As can be seen, every action has certain XML nodes and attributes:

* **action:** represents the action to be defined. It has to be named using name attribute.
* **type:** the type of action, in this case fs.
* **ok and error:** they represent the flow in case of a successful or a failed result.

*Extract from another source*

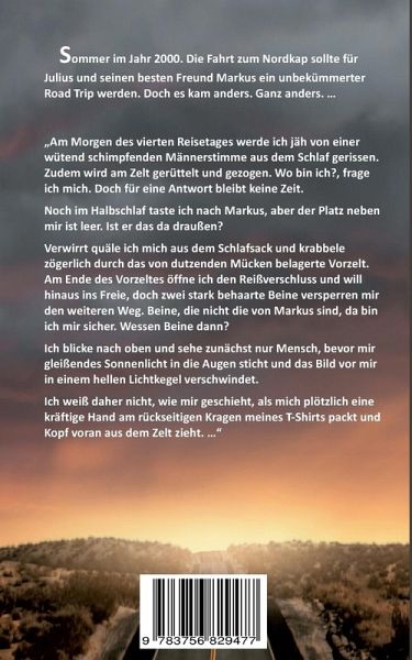 Sommer im Jahr 2000. Die Fahrt zum Nordkap soll für Julius und seinen besten Freund Markus ein unbekümmerter Roadtrip werden. Doch es kommt anders. Ganz anders. ..."Am Morgen des vierten Reisetages werde ich jäh von einer wütend schimpfenden Männerstimme aus dem Schlaf gerissen. Zudem wird am Zelt gerüttelt und gezogen. Wo bin ich?, frage ich mich, doch für eine Antwort bleibt keine Zeit.Noch im Halbschlaf taste ich nach Markus, aber der Platz neben mir ist leer. Ist er das da draußen? Verwirrt quäle ich mich aus dem Schlafsack und krabbele zögerlich durch das von dutzenden Mücken belagerte Vorzelt. Am Ende des Vorzeltes öffne ich den Reißverschluss und will hinaus ins Freie. Doch zwei stark behaarte Beine versperren mir den weiteren Weg. Beine, die nicht die von Markus sind, da bin ich mir sicher. Wessen Beine dann? Ich blicke nach oben und sehe zunächst nur Mensch, bevor mir gleißendes Sonnenlicht in die Augen sticht und das Bild vor mir in einem hellen Lichtkegel verschwindet.Ich weiß daher nicht, wie mir geschieht, als mich plötzlich eine kräftige Hand am rückseitigen Kragen meines T-Shirts packt und Kopf voran aus dem Zelt zieht. ..."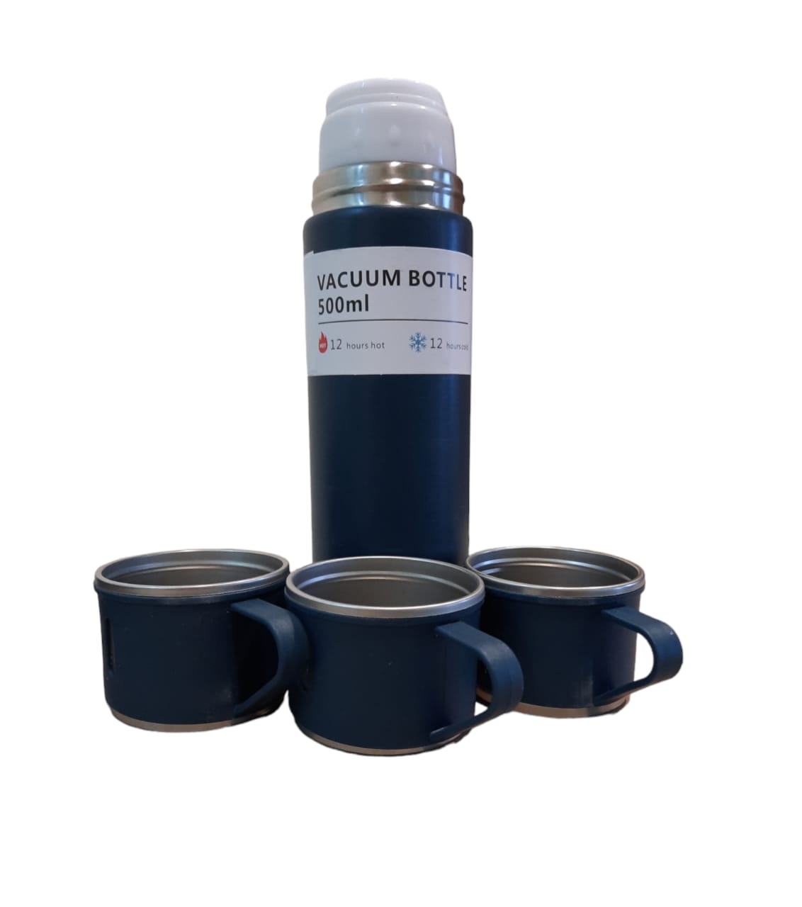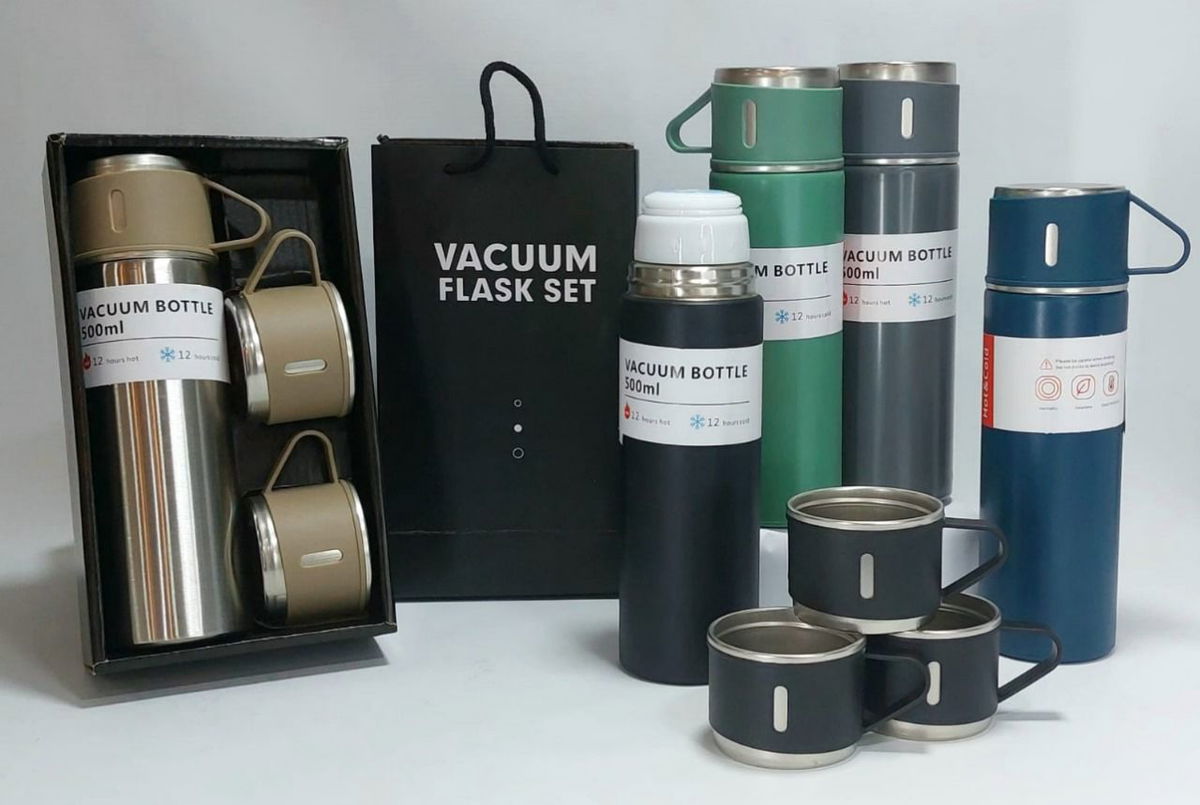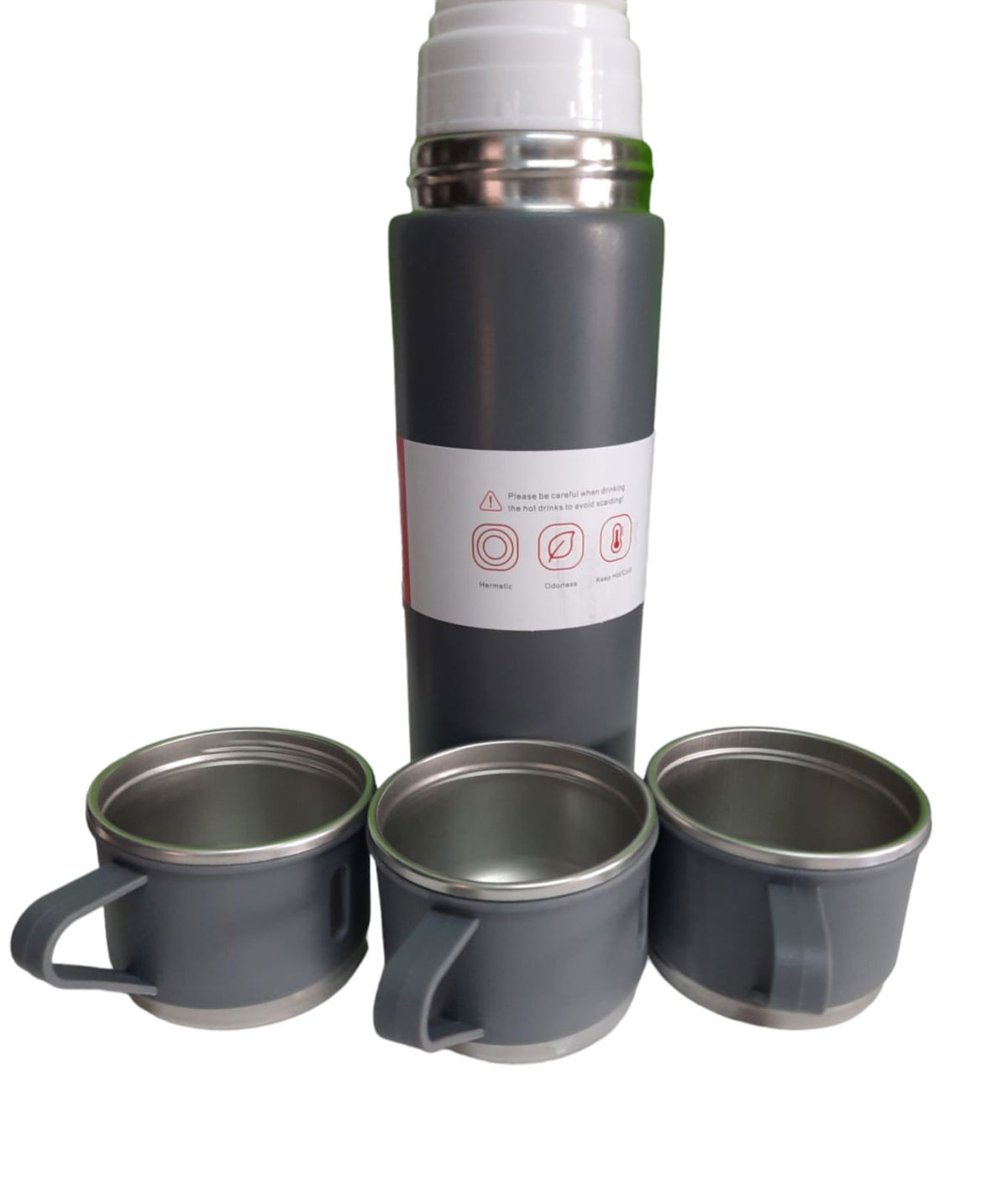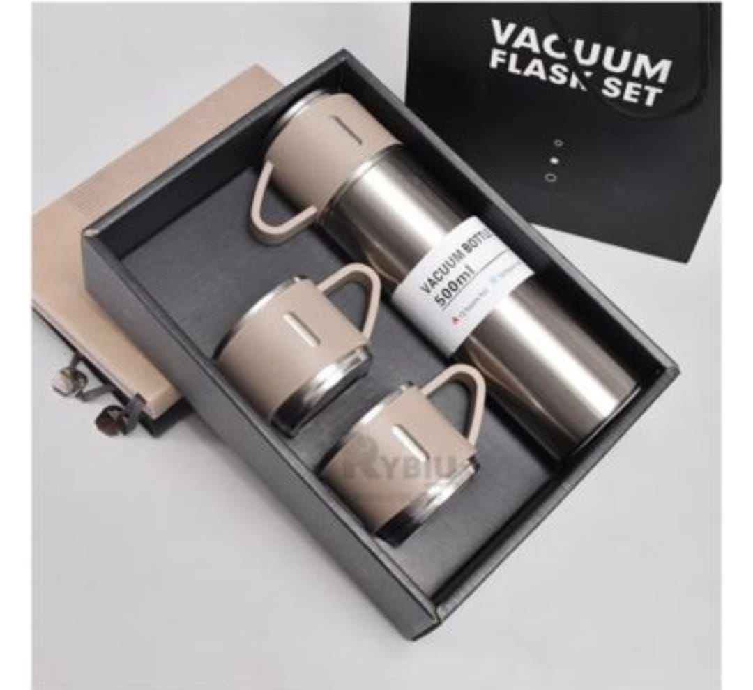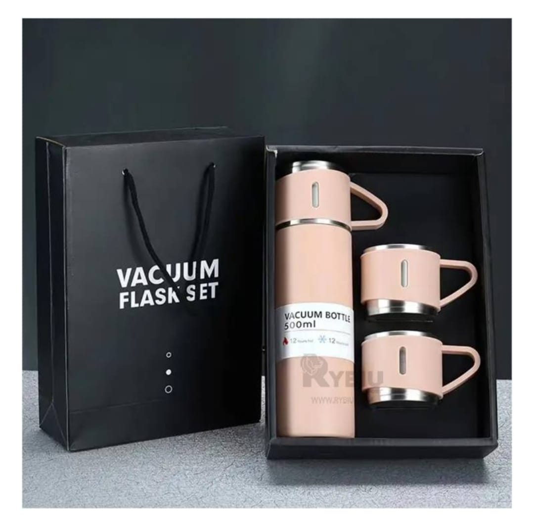 "Termo 480 Ml" en caja , CON TRES TAZAS Y BOLSA DE REGALO

In addition to those properties and the ones owned by the specific action, if the action needs to interact with other components like HDFS Namenode or YARN Jobtracker, they must be defined too.

### Pig action

This action executes a Pig script.

```xml
<action name="pig_1">
  <pig>
    <job-tracker>${jobTracker}</job-tracker>
    <name-node>${nameNode}</name-node>
    <script>/user/${user}/${examplesRoot}/yelp_business.pig</script>
    <argument>-param</argument>
    <argument>output_dir=/user/${user}/${examplesRoot}/pig-output</argument>
  </pig>
  <ok to="spark_1"/>
  <error to="kill"/>
</action>
```

### Spark action

This action executes a Spark script.

```xml
<action name="spark_1">
  <spark
    xmlns="uri:oozie:spark-action:0.2">
    <job-tracker>${jobTracker}</job-tracker>
    <name-node>${nameNode}</name-node>
    <master>yarn-cluster</master>
    <name>${user}SparkOozieTest</name>
    <jar>${nameNode}/user/${user}/${examplesRoot}/spark.py</jar>
    <arg>--app_name=${user}SparkOozieExample</arg>
    <arg>--username=${user}</arg>
    <arg>--example_dir=${examplesRoot}</arg>
  </spark>
  <ok to="end"/>
  <error to="kill"/>
</action>
```

In addition to the action, you must declare the following global configuration atributes.

```xml
<global>
  <configuration>
    <property>
      <name>oozie.use.system.libpath</name>
      <value>true</value>
    </property>
    <property>
      <name>oozie.action.sharelib.for.spark</name>
      <value>spark2</value>
    </property>
  </configuration>
</global>
```

## Oozie Job Properties

In addition to the *workflow.xml* file, the job.properties file declares the parameters and variables used by the Oozie job:

```data
nameNode=hdfs://master.edincubator.eu:8020
jobTracker=master.edincubator.eu:8050
master=yarn-cluster
examplesRoot=oozie-example
user=<username>
oozie.use.system.libpath=true
oozie.wf.application.path=${nameNode}/user/${user.name}/${examplesRoot}/
```

## Executing the workflow

For executing the workflow, you must follow those steps:

In [None]:
cd ~/work/examples/oozieexample
hdfs dfs -mkdir /user/$USERNAME/oozie-example
hdfs dfs -put workflow.xml /user/$USERNAME/oozie-example
hdfs dfs -put ../pigexample/yelp_business.pig /user/$USERNAME/oozie-example
hdfs dfs -put ../pigexample/yelp_business.pig /user/$USERNAME/oozie-example
oozie job -oozie http://master.edincubator.eu:11000/oozie -config job.properties -run

You can check the status of the job using *oozie jobs* command:

In [None]:
oozie jobs -oozie http://master.edincubator.eu:11000/oozie

You can check logs from a job using *oozie job -log* command

In [None]:
oozie job -oozie http://master.edincubator.eu:11000/oozie -log <oozie_job_id>

When Oozie job finishes, you can check its results at `/user/<username>/oozie-example/spark-oozie-output`.